Quality control	Generates summary metrics and HTML reports for each run and sample, including key QC indicators like median UMI counts per cell, median genes per cell, and sequencing saturation.

Ingestion

After preprocessing, HISE moves Cell Ranger outputs, such as filtered matrices, metrics, and web summary, into a watchfolder. This automated pipeline process triggers ingestion of the files into the associated Project Store. During ingestion, HISE attaches sample metadata to the files for transparent downstream analysis and tracking.

Table 2 summarizes the output files HISE creates during ingestion. Not all files are generated on every run.

Table 2: Output files

File Type	Example File Name	Content/Purpose
Web summary	`web_summary.html`	Interactive HTML report for QC and metrics review
Gene expression matrix	`filtered_feature_bc_matrix.h5`	Cell-by-gene expression matrix (raw and filtered)
Feature-barcode matrix	`filtered_feature_bc_matrix.h5`	Matrix that includes gene expression and feature barcodes
Metrics summary	`metrics_summary.csv`	Run- and sample-level QC metrics
BAM file	`possorted_genome_bam.bam`	Aligned reads with cell barcode and UMI tags
Cloupe file	new-cloupe.cloupe	Visualization in the 10x Genomics Loupe browser

Web summary file

Let's take a closer look at the Cell Ranger multi QC web summary, the most comprehensive of these output files. This detailed report includes sequencing metrics, mapping rates and distribution, cell calling metrics, and quality indicators, as shown in the accompanying sample report. Scroll down for an explanation of each item marked in the sample.

A: Web summary file: Cell calling quality

Metric	Description
Estimated number of cells	The number of cell barcodes identified as true cells. Matches expected cell recovery (for example, 10,000 cells for Chromium X).
Confidently mapped reads in cells	Percentage of reads confidently mapped to the genome and associated with valid cell barcodes. Indicates successful cell capture and sequencing.
Fraction of initial cell barcodes passing high occupancy GEM filtering	Fraction of barcodes retained after excluding low-occupancy GEMs (likely empty droplets or debris). Measures sample quality and cell viability.
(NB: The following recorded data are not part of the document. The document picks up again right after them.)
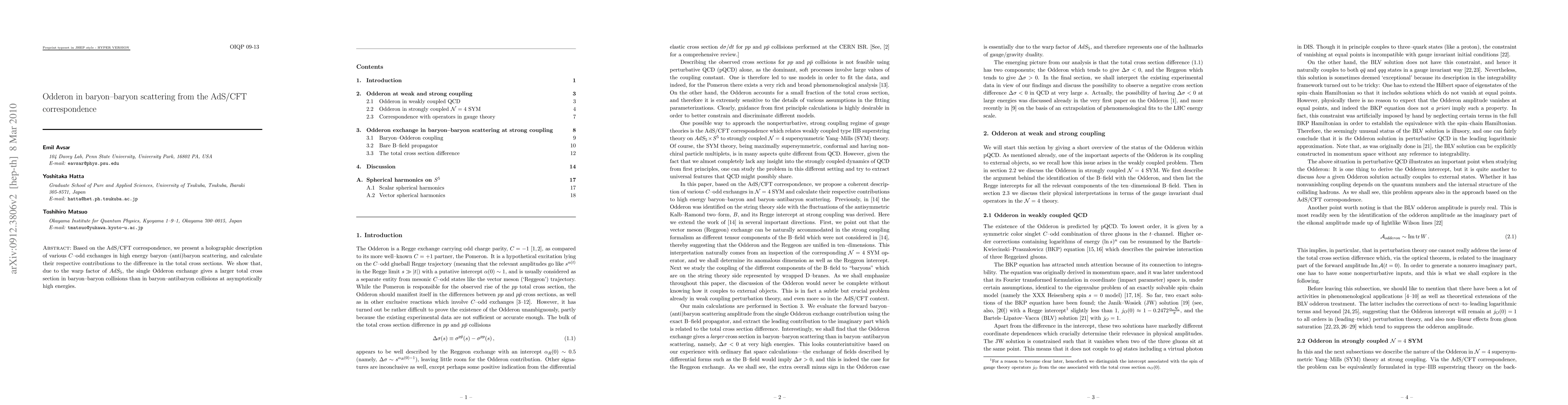 Based on the AdS/CFT correspondence, we present a holographic description of various C-odd exchanges in high energy baryon-baryon and baryon-antibaryon scattering, and calculate their respective contributions to the difference in the total cross sections. We predict that, due to the warp factor of AdS_5, the total cross section in pp collisions is larger than in p\bar{p} collisions at asymptotically high energies.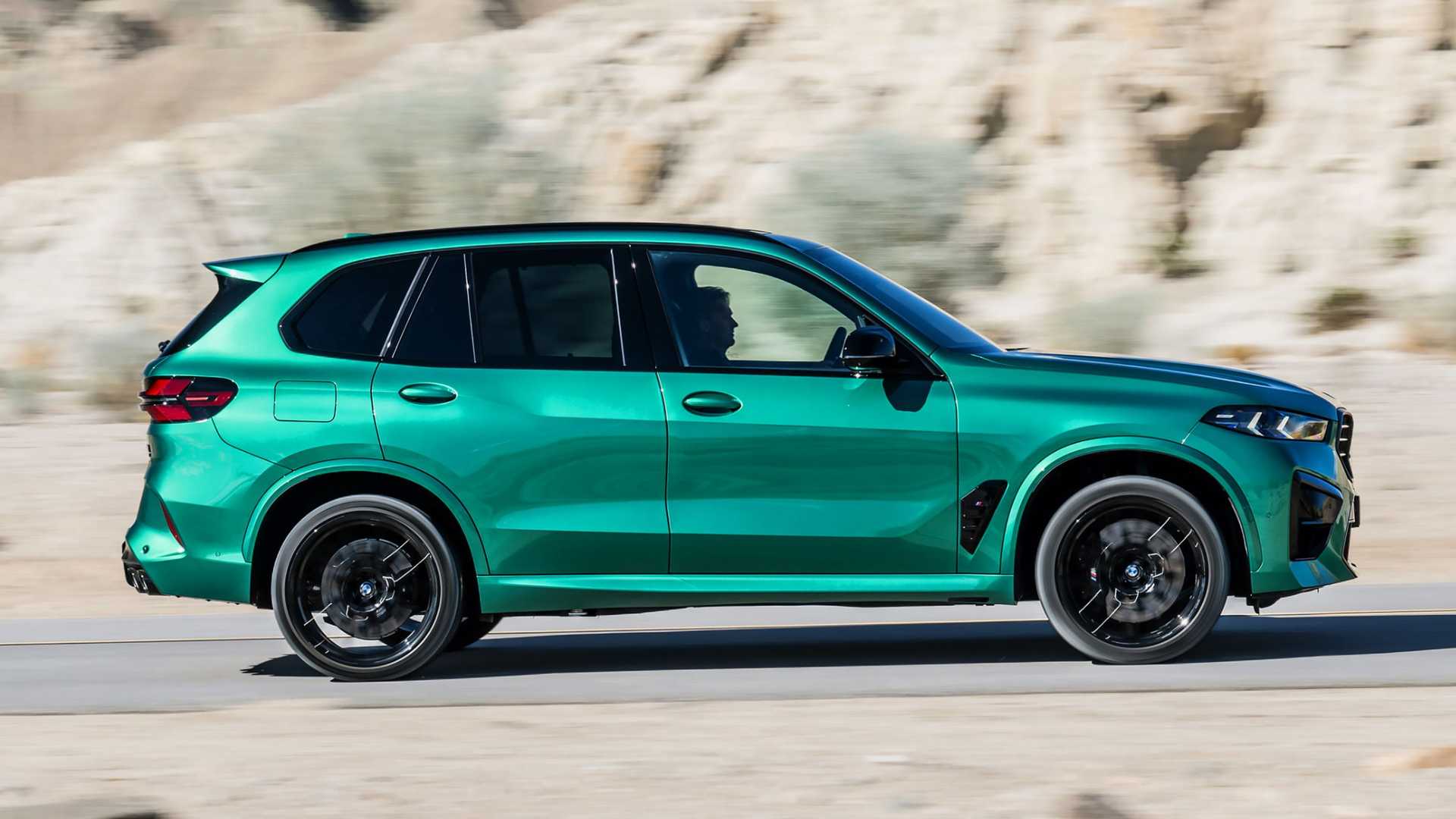 후면에서도 X5 LCI 모델과 동일한 신규 그래픽의 LED 리어 콤비네이션 램프를 적용했는데, 그 외 부분은 쿼드 머플러 팁과 리어 디퓨저 등 현행 X5 M과 크게 달라지지는 않은 모습이다. 휠은 신규 디자인의 트윈 10-스포크 타입의 블랙 휠이 장착되며 전륜은 21인치, 후륜은 22인치이다.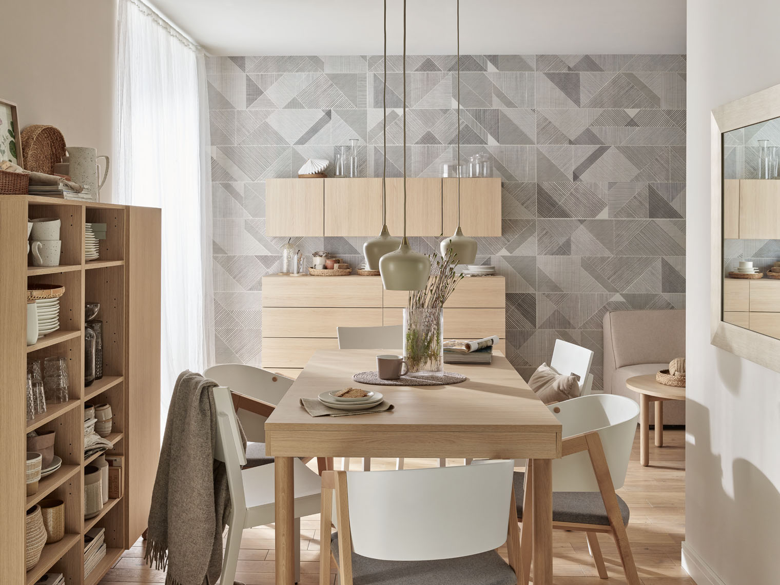 Równie ważne będzie wykończenie ścian w jadalni. Warto je udekorować, by zapewnić chwilom przy stole efektowną oprawę. Oprócz tradycyjnych obrazów do wyboru mamy także wiszące lustra, które optycznie powiększą przestrzeń, oraz rozmaite panele ścienne – wzorzyste i niezwykle wytrzymałe, trójwymiarowe lamele czy tapicerowane o przyjemnie miękkiej powierzchni.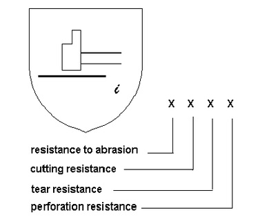 EN388 這標準就各類防護手套在磨損,刀切,撕裂和穿刺、物理和機械侵略方面作評估。針對特定風險,手套的性能水平評級被為分1-5級,其中4級或5級是最好的。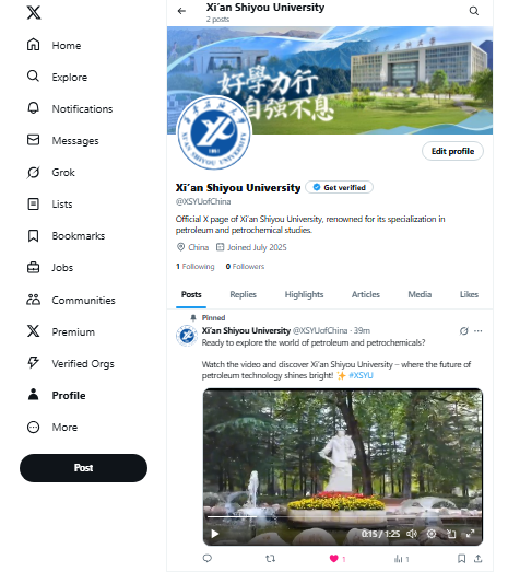 西安石油大學(xué)X平臺(tái)賬號(hào):https://x.com/XSYUofChina

B: Web summary file: GEX barcode rank plot

A GEX barcode rank plot visualizes the quality of cell calling by distinguishing cell-containing droplets from empty droplets or background noise. The X axis ranks barcodes by UMI count, and the Y axis shows the log-transformed UMI counts per barcode. Blue indicates barcodes classified as cells, whereas gray identifies background (non-cell) barcodes.

C: Mapping quality

Metric	Description	Value or Range
Reads mapped to probe set	Percentage of reads that align to any probe in the probe set, regardless of confidence.	>90% rate of alignment
Reads confidently mapped to probe set	Percentage of reads that confidently align to a probe in the filtered (high-quality, non-ambiguous) probe set.	60%–70% of total reads
Reads confidently mapped to filtered probe set	A subset of probes that meet quality and specificity standards.	50%–65% of total reads
Reads half-mapped to probe set	Reads that partially align to a probe (one end/portion matches, but not the full read).	Typically low (<5%)
Reads split-mapped to probe set	Reads that align to two non-contiguous regions of a probe, indicating possible splicing or artifacts.	Typically very low (<1%)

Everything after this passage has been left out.